Advanced Land Observing Satellite (ALOS) Phased Arrayed L-band Synthetic Aperture Radar (PALSAR) yielded detailed, all-weather, day-and-night observation of the Earth's surface between 2006 and 2011. Data acquired by the PALSAR sensor are from multiple observation modes with variable polarization, resolution, swath width, and off-nadir angle. In this exercise we will use the following variables:
* HH: backscatter intensity in the HH polarisation
* HV: backscatter intensity in the HV polarisation

The dataset has 1,876 observations of the age of secondary forests and eight predictors. The predictors were obtained from ALOS PALSAR and Landsat 5 TM; they are all adimensional.
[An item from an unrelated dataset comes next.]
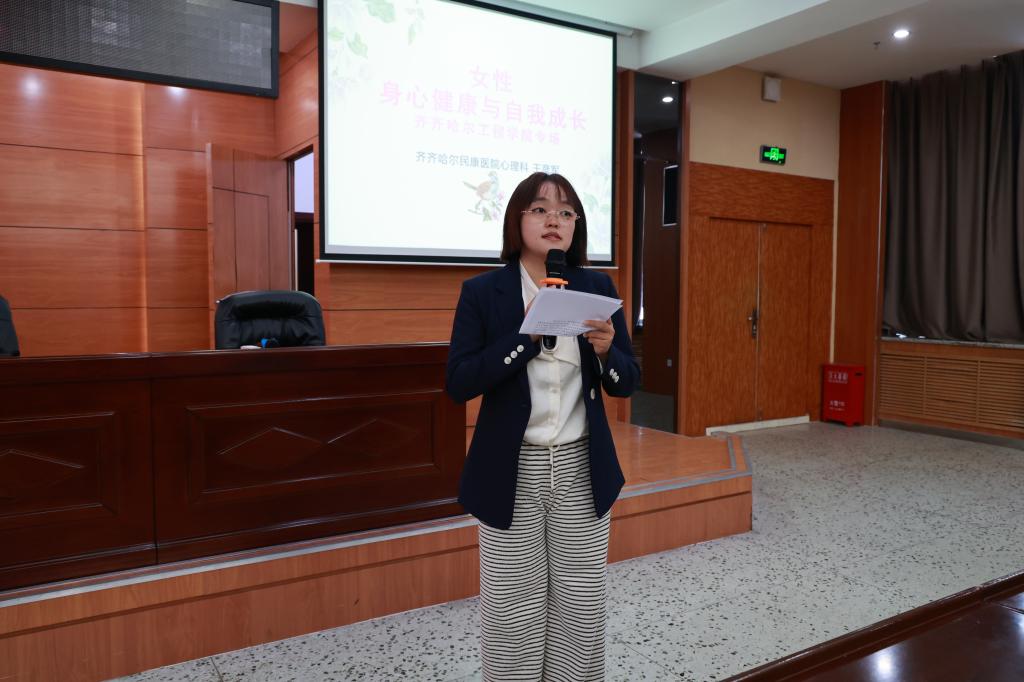 为庆祝第114个“三八”国际劳动妇女节,3月7日,健康与护理系党总支特邀齐齐哈尔民康医院心理科主任王彦军为全校女性师生进行《女性身心健康与自我成长》专题讲座。讲座在图书馆601会议室举行,由护理系党总支书记张林琳主持,全校200多名师生参加。
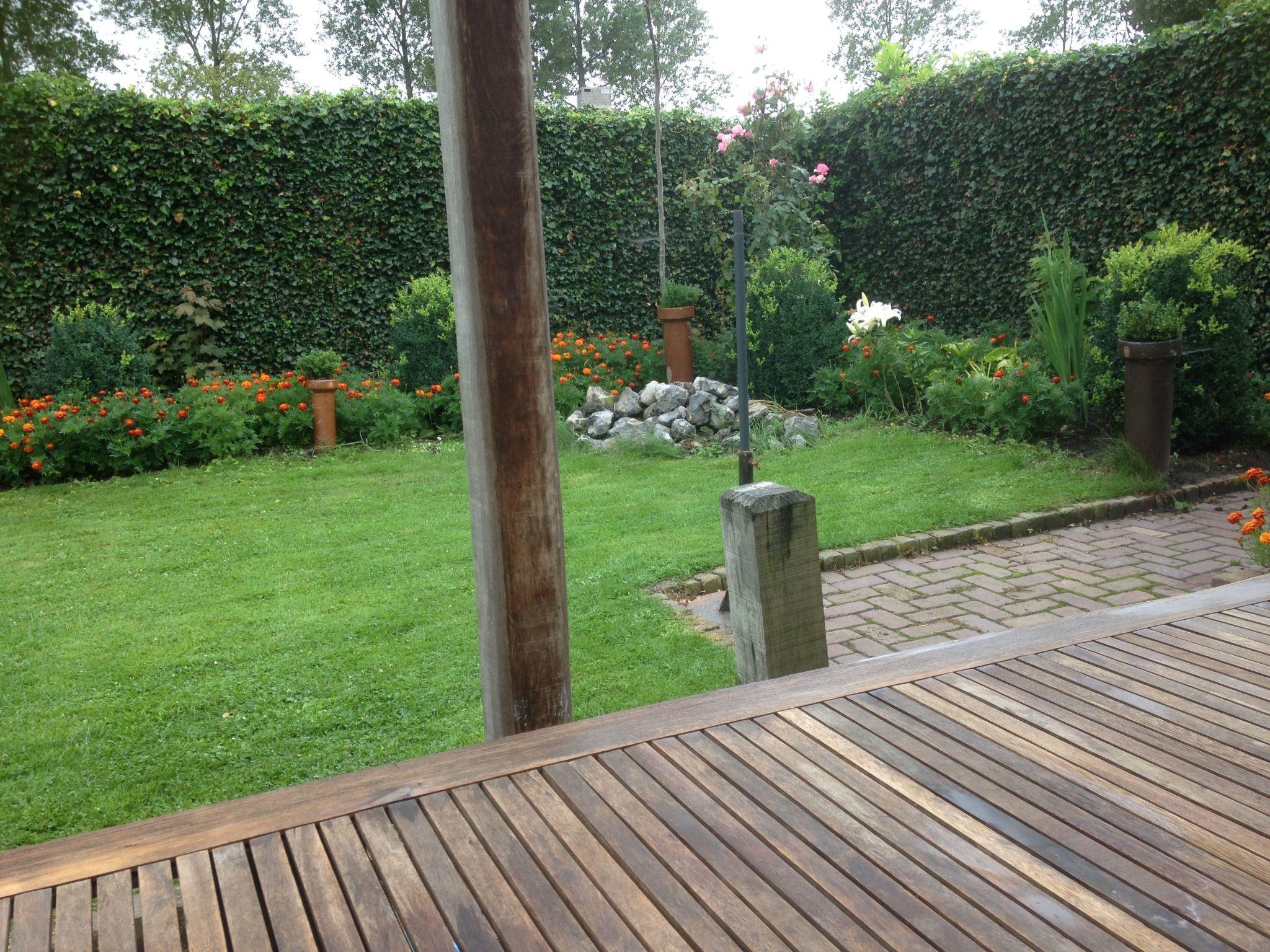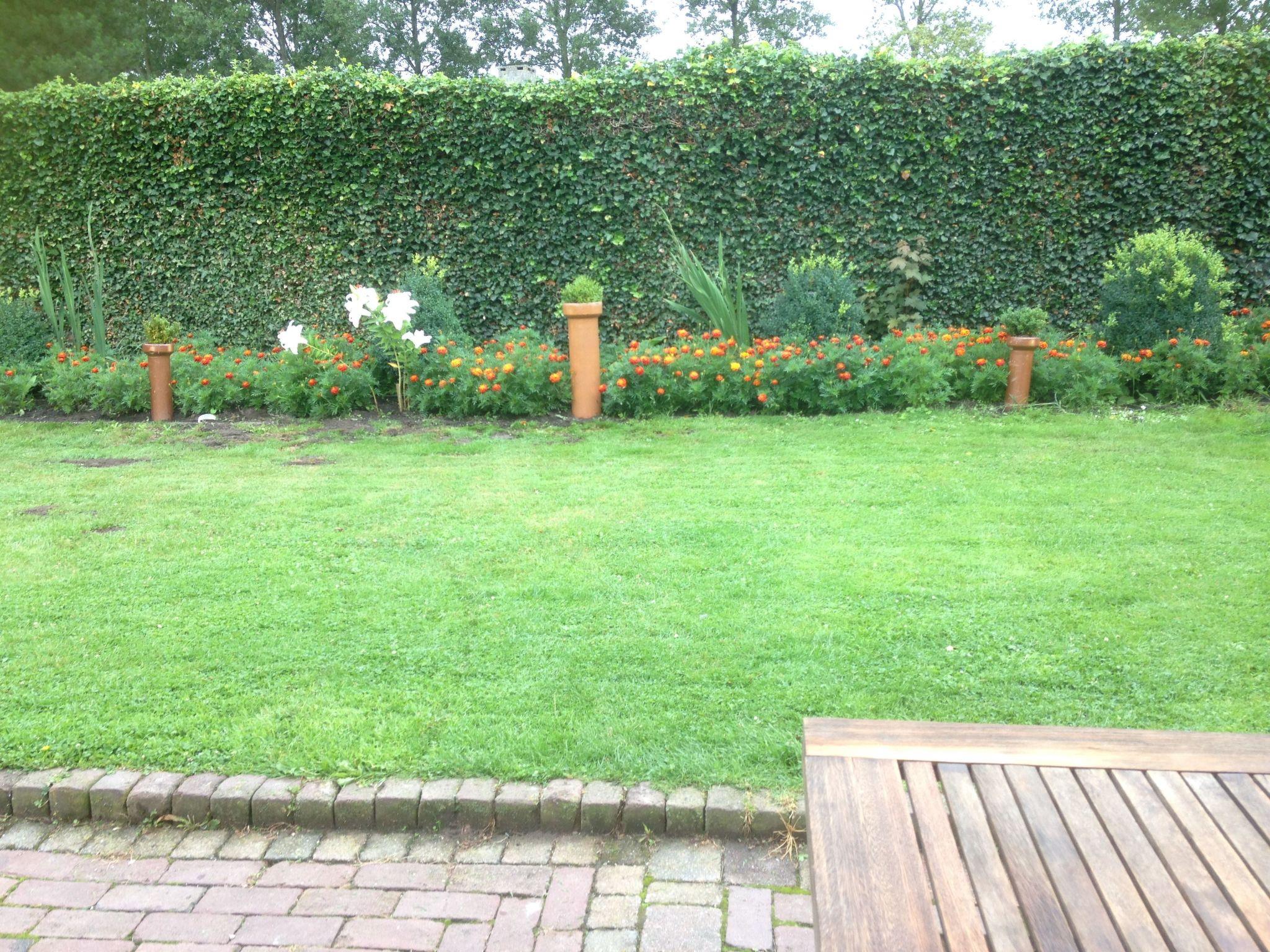 The house has a large garden, offering privacy. It is furnished with outdoor furniture. The property is enclosed.

* *ID*: code assigned to each observation
* *ASF*: age of secondary forests (years)
* *HH*: ALOS PALSAR backscatter intensity - HH polarisation
* *HV*: ALOS PALSAR backscatter intensity - HV polarisation
* *b1*: Landsat 5 TM surface reflectance - Band 1
* *b2*: Landsat 5 TM surface reflectance - Band 2
* *b3*: Landsat 5 TM surface reflectance - Band 3
* *b4*: Landsat 5 TM surface reflectance - Band 4
* *b5*: Landsat 5 TM surface reflectance - Band 5
* *b7*: Landsat 5 TM surface reflectance - Band 7

### Reading the data
Throughout this practical session we will use several Python libraries: pandas, numpy, mathplotlib, sklearn; [sklearn](https://scikit-learn.org/stable) offers numerous tools for predictive data analysis, hosting implementations of the most important machine learning tools we'll be using during this topic.

In [None]:
import pandas as pd

import numpy as np

from sklearn.model_selection import train_test_split
from sklearn.tree import DecisionTreeRegressor
from sklearn.ensemble import BaggingRegressor
from sklearn.ensemble import AdaBoostRegressor
from sklearn import metrics
from sklearn import tree
from sklearn.inspection import permutation_importance

import matplotlib.pyplot as plt

from tabulate import tabulate

We'll first read the dataset containing the observations from a csv file on a shared google drive. Those not being able to access google, please download the offline file in Blackboard (asf_amazon.csv), save it to your computer, and change the path in the code below to have it read into the pandas dataframe.

In [None]:
asf_amazon = pd.read_csv("https://drive.google.com/uc?export=download&id=1gYcYOTEHr7d-zh9q-H2i-Gy0leuQUMf3")

In [None]:
## Check descriptive statistics
asf_amazon.describe()

### Response, predictors and partitioning the dataset into training and testing subsets
In this exercise we will test several machine learning algorithms to estimate the age of secondary forests as a function of several measurements:

*ASF* = f(*HH*, *HV*, *b1*, *b2*, *b3*, *b4*, *b5*, *b7*)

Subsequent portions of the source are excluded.